Weather Insight

Weather Analytics Platform

Overview

Weather tracking app with machine learning. Built with FastAPI and React to track multiple cities and run ML analysis for anomaly detection, trend prediction, and pattern clustering.

I built this to learn FastAPI and experiment with ML on real data. Weather data is free and complex enough to be interesting.

40+

REST endpoints

Pipeline

180

Days historical data

Architecture

React frontend talks to FastAPI backend, which connects to PostgreSQL and runs ML analysis. APScheduler runs background jobs hourly to collect weather and daily to clean up old data.

Frontend uses client-side caching with 10-minute TTL to reduce API calls. Backend fetches weather from OpenWeather API, stores it in PostgreSQL, and runs ML when users request insights.

ML uses NumPy and Pandas for data processing, then runs Z-Score for anomalies, Linear Regression for trends, and K-Means for clustering. Results cached for 24 hours.

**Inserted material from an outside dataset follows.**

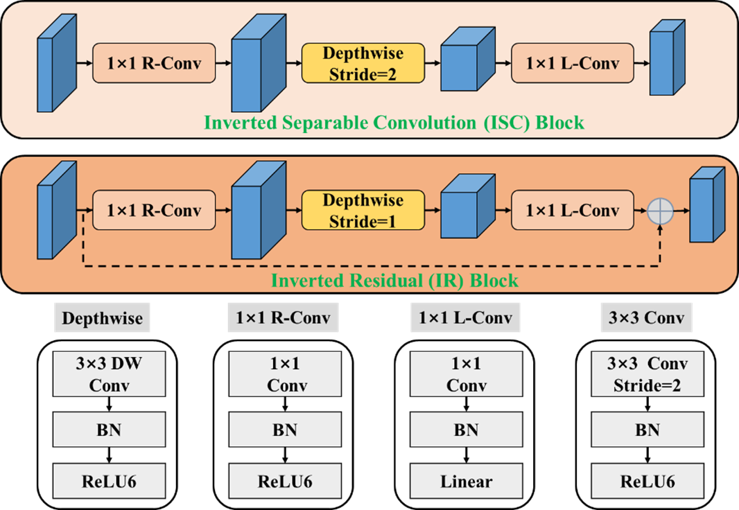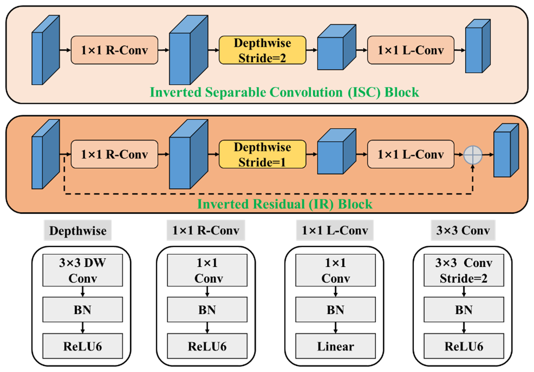 ISC block: This block utilizes a 1×1 convolution with batch normalization and a ReLU6 activation function (1×1 R-Conv) to expand the number of channels in the input feature map. It then calculates the feature maps through depth-wise convolution (DW), after which the number of channels is reduced using a linear 1×1 convolution.

Background jobs run automatically. Hourly job collects weather for all favorited cities. Daily job removes weather data older than 180 days.

Tech Stack

Backend

FastAPIAPSchedulerNumPyPandasScikit-learnSQLAlchemy

Database

Neon PostgreSQLJSONB for ML results

Frontend

React 18ViteContext APIRecharts

Deployment & APIs

Oracle Cloud (PM2 + systemd)VercelOpenWeather API

Technical Challenges

APScheduler on Limited RAM

Problem

Hourly weather collection with APScheduler running in-memory crashed the server under load.

Solution

Reduced APScheduler thread pool size. Tuned SQLAlchemy connection pooling. Added 2GB swap. Monitored with PM2.

Impact

Runs reliably every hour. Memory stays under 800MB.

Caching Strategy

Problem

Users check weather frequently. Every request hit the API and database. Slow and wasted API quota.

Solution

Built client-side caching with 10-minute TTL. Custom React hooks check cache before fetching. Request deduplication shares promises for identical requests.

Impact

Dashboard feels instant. API calls dropped 66%.

ML with Limited Data

Problem

ML needs historical data but new cities have none. Cannot show insights immediately.

Solution

Show clear messages when data is insufficient. Hourly collection builds history automatically. Sample data on registration lets users try features.

Impact

Users understand why ML isn't ready yet. Sample data works immediately.

Key Features

Multi-city tracking (up to 10 favorites)

Real-time weather with caching

Anomaly detection (Z-Score finds unusual temps)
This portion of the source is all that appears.